- Decades:: 1980s; 1990s; 2000s; 2010s; 2020s;
- See also:: Other events of 2004 List of years in Greece

= 2004 in Greece =

Events in the year 2004 in Greece.

==Incumbents==

| Photo | Post | Name |
|---|---|---|
|  | President of the Hellenic Republic | Konstantinos Stephanopoulos |
|  | Prime Minister of Greece | Costas Simitis (until 10 March) |
|  | Prime Minister of Greece | Costas Karamanlis (starting 10 March) |
|  | Speaker of the Hellenic Parliament | Apostolos Kaklamanis (until 19 March) |
|  | Speaker of the Hellenic Parliament | Anna Benaki-Psarouda (starting 19 March) |
|  | Adjutant to the President of the Hellenic Republic | Air Force Lieutenant Colonel and Colonel Georgios Dritsakos |
|  | Adjutant to the President of the Hellenic Republic | Navy Vice-Captain Sotiris Charalambopoulos |
|  | Adjutant to the President of the Hellenic Republic | Army Lieutenant Colonel Dimitrios Reskos |

==Events==

===March===
- March 7 – Greek legislative election, 2004, Kostas Karamanlis, nephew of Konstantinos Karamanlis has been elected Prime Minister of Greece defeating George Papandreou.
- March 25 – The Olympic Flame was ignited at Olympia, Greece and it took it across the continents and return to Athens, Greece.

===April===
- April 20 – Adjutant to the President of the Hellenic Republic, Air Force Lieutenant Colonel Georgios Dritsakos becomes Colonel.

===July===
- July 4 – The Greek national football team won Euro 2004.

===August===
- August 13 – Athens host the 2004 Summer Olympics, beginning with the opening ceremony, and making the first city to bring the Olympics back to their birthplace.
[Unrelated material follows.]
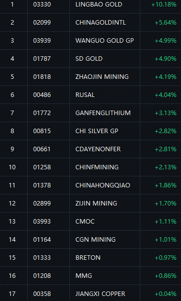 HK Movers|Nonferrous Metal Shares Jump. Lingbao Gold Up 10%; ChinaGold Up 6%; Wanguo Gold And SD Gold Up 5%; Zhaojin Mining And Rusal Up 4%; Ganfenglithium Up 3%

ATHOC President Gianna Angelopoulos-Daskalaki is the first woman to make a welcome home speech followed by the IOC President Jacques Rogge to make a speech and addressing to the athletes. And the Greek President Konstantinos Stephanopoulos is the first Head of state to open the Games of the XXVIII Olympiad of the modern era. Accompanied by the Adjutant to the President of the Hellenic Republic Colonel Georgios Dritsakos of the Hellenic Air Force.

===December===
- December – European Commission issues formal warning after Greece found to have falsified budget deficit data in run-up to joining eurozone.